BP brand faces further damage as oil crisis deepens

BP’s woes in the Gulf of Mexico seem to be deepening after the US Geological Survey said the oil spill crisis could double the number of estimates previously thought.

The survey predicts that at least 40,000 barrels (1.7 million gallons) of oil a day may have been gushing out from a blown-out Gulf of Mexico well, before the oil giant successfully placed a cap on the well on 3 June.

BP’s chairman Carl-Henric Svanberg has been asked to meet the US president Barack Obama next week and UK Prime Minister David Cameron will also meet Obama in a bid to ease tensions arising from the crisis.

Oil has been leaking into the Gulf since the Deepwater Horizon rig exploded on 20 April and sank off the coast of the US state of Louisiana, killing 11 workers. The firm’s share price has collapsed more than 40% since the Deepwater Horizon rig sank on 22 April. The company is responsible for almost one in every seven pounds of dividends paid to British pension pots.

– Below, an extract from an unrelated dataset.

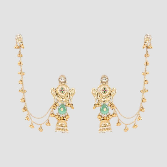 Traditional Goddess Lakshmi Gold-Plated Temple Earrings with Ear Chain & Mint Green Stone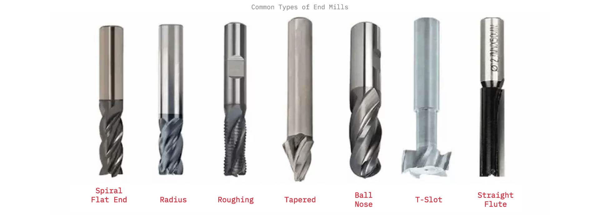 - There are multiple common types of end mills, and each one is designed for a particular cutting task:

BP is under pressure to convince US politicians that it will have enough cash to pay for the clean-up operation and compensation for those affected after the US government said it “not pay a dime” for cleaning up and that BP would be held responsible for all damages.

The US Speaker of the House of Representatives, Nancy Pelosi, has accused BP of a “lack of integrity” over its approach to the spill. An ad campaign for BP apologising for the oil spill polluting the Gulf of Mexico was also slammed by President Obama.

The oil giant has admitted the spillage crisis is costing it millions and says the project will cost about $360m (£244m). According to Louisiana Governor Bobby Jindal, the White House had ordered BP to pay for the construction of sand barriers.

BP estimates that the disaster has so far cost the company approximately $990m (£674m) in clean-up costs, but has refused to speculate on future expenses. This is a massive increase from May when the cost was $350m (£235m).

Greenpeace recently unveiled a press advertisement accusing BP CEO Tony Hayward of cutting investment in clean energy in favour of dirty sources of oil.

However, BP’s brand reputation crisis following the oil spill in the Gulf of Mexico has left rival petroleum companies relatively unscathed, according to YouGov BrandIndex data published last month.